Thursday, September 01, 2011

Apres Awkward

Since there's nothing terribly traumatic happening this week, you might just be treated to something relatively light-hearted and hopeful today!

But maybe not. We'll see how it goes.

Last night, I was supposed to get drinks with the Biochemist (for those of you who aren't familiar with him, he's the guy I met online - oh dear - and then proceeded to have a very awkward three month non-relationship with). The last time I saw him, I was wine-drunk and sobbing. Ooh, rough. Jacob was there. I smeared mascara all over his white t-shirt. I woke up puffy. In general, not one of my better moments.

So naturally, I think he assumed that I was heartbroken by the demise of our relationship. Heartbroken, yes. About him, no. You see, technically - we can play this game all day - technically, I've never been really dumped. Like told, "This isn't working out. We should see other people." And even though I get mad points for telling him hours before he did it that he was going to do it, I was still upset. How often do you get dumped by a person you were going to dump?

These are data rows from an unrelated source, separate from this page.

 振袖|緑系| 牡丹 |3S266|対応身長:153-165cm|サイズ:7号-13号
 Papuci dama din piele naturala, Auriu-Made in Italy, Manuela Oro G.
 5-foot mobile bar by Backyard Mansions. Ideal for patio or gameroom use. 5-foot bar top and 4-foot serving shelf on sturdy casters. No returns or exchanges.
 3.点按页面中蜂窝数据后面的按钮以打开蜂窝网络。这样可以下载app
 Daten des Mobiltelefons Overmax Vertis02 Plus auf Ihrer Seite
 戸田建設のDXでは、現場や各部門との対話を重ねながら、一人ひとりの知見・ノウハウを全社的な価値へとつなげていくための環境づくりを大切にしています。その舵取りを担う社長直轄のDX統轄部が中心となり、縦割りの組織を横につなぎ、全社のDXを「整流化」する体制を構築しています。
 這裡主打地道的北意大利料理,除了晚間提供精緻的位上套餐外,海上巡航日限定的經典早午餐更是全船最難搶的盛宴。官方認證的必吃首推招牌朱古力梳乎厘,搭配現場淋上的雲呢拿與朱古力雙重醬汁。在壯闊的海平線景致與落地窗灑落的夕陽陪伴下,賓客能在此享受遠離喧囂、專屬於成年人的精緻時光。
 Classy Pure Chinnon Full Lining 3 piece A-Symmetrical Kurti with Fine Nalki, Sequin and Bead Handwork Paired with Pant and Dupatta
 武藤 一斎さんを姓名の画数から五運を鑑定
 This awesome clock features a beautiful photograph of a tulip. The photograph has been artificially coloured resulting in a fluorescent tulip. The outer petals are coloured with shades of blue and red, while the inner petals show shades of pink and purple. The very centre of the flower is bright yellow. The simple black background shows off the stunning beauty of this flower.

We just didn't click. At all. We both should have known better after the first date that nothing romantic was going to evolve out of it.
But still, we persevered.

I like to drink and dance and get naked in public (kidding, mostly). He likes to run triathalons and give anti-meat lectures (only once. But once is one time too many for this bacon lover).

Anyway, I was excited to get a drink and hang out, although a bit worried that we wouldn't have much to talk about. Not that I should have worried, I am known for my ability to babble on endlessly at any time about anything. I am excited by the fact that we might be able to be friends.

So when he called, cancelled - I was exhausted, so that was actual a very welcome cancellation, chatted with me for awhile (good conversation - I forgot that he can be really funny. and so can I) and told me he was glad to hear my life was going well, I was annoyed. Maybe I was more annoyed by the fact that I told him (jokingly!) that my feelings were hurt and I was going to cry before realizing that his last memory of me is of me doing exactly that.

Am I that patronizing to my exes when we hang out? If so, I swear to never again tell them "I'm glad you're doing well," as though I'm alluding to the fact that I thought they'd be a schizophrenic mess without me.

I said goodbye, and hung up, cheered by the fact that I am a completely normal twenty-something sort of single woman. Bridget Jones would be so proud.


Wednesday, August 31, 2011

This time for Africa

It's been a year since the epic adventure that was Cape Town began...

I've not got the words at the moment, so here's the music video for the song that I most closely associate with our time there.

When I got there, that very first night, my German roommate Svenja and my host mom Priscilla (Mama P, affectionately) played this song and we danced to it.

http://www.youtube.com/watch?v=pRpeEdMmmQ0

Monday, August 29, 2011

For fall, even though you're not here yet

This summer was my first not-real-summer. I didn't get to lay out in the sun or dip my toes in the pool without having to worry if one of the kids I was watching was going to go face first in and shriek out in terror. I didn't get tan. (Preemptively, I purchased face powder a shade darker than normal. Turns out, I've just been a shade darker in the face for about a month. Attractive, I know.) I didn't see anything wonderful except brake lights and Colorado Blvd by morning and evening commute.

That's an exaggeration, but for someone who loves summer afternoons of freedom, the idea of sitting on the sixth floor of an office building has been one of grief. Youth is gone, mostly.

I've been smelling fall in the air.
Autumn is coming, it's right around the corner.

The mornings bite crisply even as the days reach nearly ninety degrees. The nights are scented with nature, sort of unnatural in the middle of the city.

To me, autumn means driving through crunchy leaves and dark afternoons. It means fresh notebooks (it must be left over from my school days). It means tights and my favorite tweed skirt. It means pumpkins and squash and witch decorations.

My freshman year of high school, I rode to school with a girl who lived down the street. For all of October, she had a CD of horror film soundtrack songs. And so every time I hear one of those songs, I'm thrust back into the fall of 2002, the red cloth in the Ford sedan, the CD player (she took the face of it with her every time we parked, just in case her car got broken into), that CD, and the leaves. Always the leaves - the music added such an eerie aura to them.

I love fall. I love the cool mornings and the warmth of the days. I hate how the sun slips away faster and faster until it's gone and the winter has set in.

But the promise of fall is a glorious one.

And Halloween is right around the corner. Yay!